Tech groups sue Maryland for first national tax on online advertising


A coalition of business organizations filed a lawsuit Thursday against the state government of Maryland for passing a bill that imposes a tax on digital advertising revenue.

The Computer & Communications Industry Association (CCIA), along with the United States Chamber of Commerce and the Internet Association, have sued Maryland Comptroller Peter Franchot (D).

CCIA members include Amazon, eBay, Facebook, Google, and Uber.

According to court documents, business organizations accused Maryland lawmakers of passing the bill to “penalize” large digital advertising companies, calling the new tax “punitive.”

The bill imposes a tax of up to 10% on a business with global digital advertising revenues exceeding $ 15 billion, with lower percentages for businesses with lower revenues.

“The state of Maryland tax, narrowly targeting a few businesses, but heavily taxing global revenues, is concerning both in scope and precedent. Maryland’s law suffers from many constitutional infirmities and we expect it to be blocked for legal reasons, ”CCIA President Matt Schruers said in a statement.

“Policy makers who seek to fill budget deficits with punitive measures of this nature are setting state budgets up for failure. Digital services make a vital contribution to local economies by providing tools to keep businesses and people running connected at school, work and family, ”added Schruers.

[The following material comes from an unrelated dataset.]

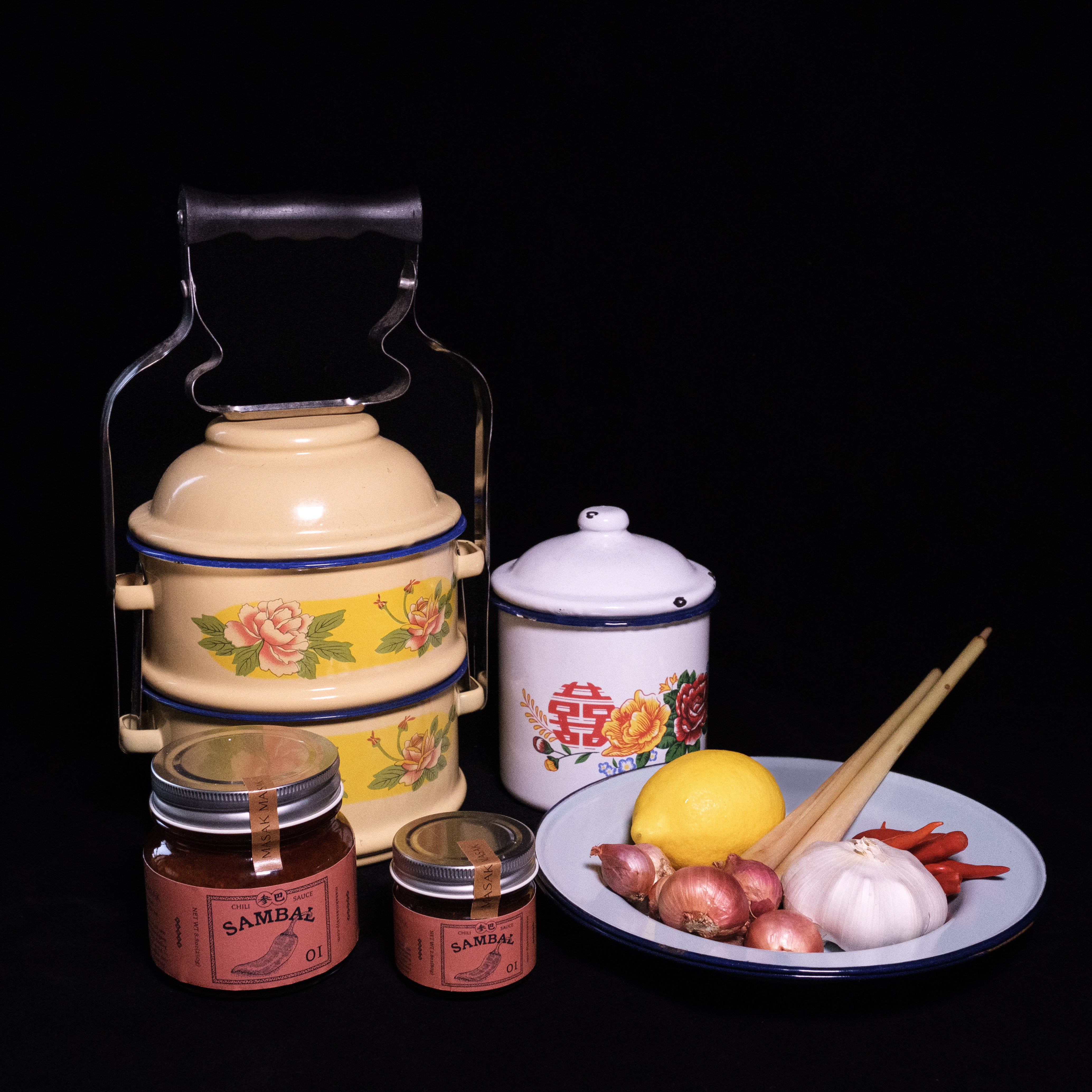 「TIFFIN」(ティフィン)とは、「間食、おやつ」の意味です。 元々はインドから伝わったホーロー製のお弁当箱で、マレーシアではババ・ニョニャにより彩色を施され、かわいらしいデザインが特徴です。持ち手もついているので、重ねて持ち運びができます。

The House of Delegates voted to pass the bill in January, overturning Gov. Larry Hogan (R) ‘s pre-veto from 2020. Maryland is the first state to pass a tax on digital advertising revenue.

The lawsuit alleges that the tax violates the Internet Tax Freedom Act, a federal law that prohibits “multiple and discriminatory taxes on electronic commerce.” The lawsuit also argues that Maryland’s new law will lead to an increase in “junk” content and increase costs to consumers.

When contacted by The Hill, a representative for Franchot declined to comment, stating: “The Monitor is not commenting on pending litigation.”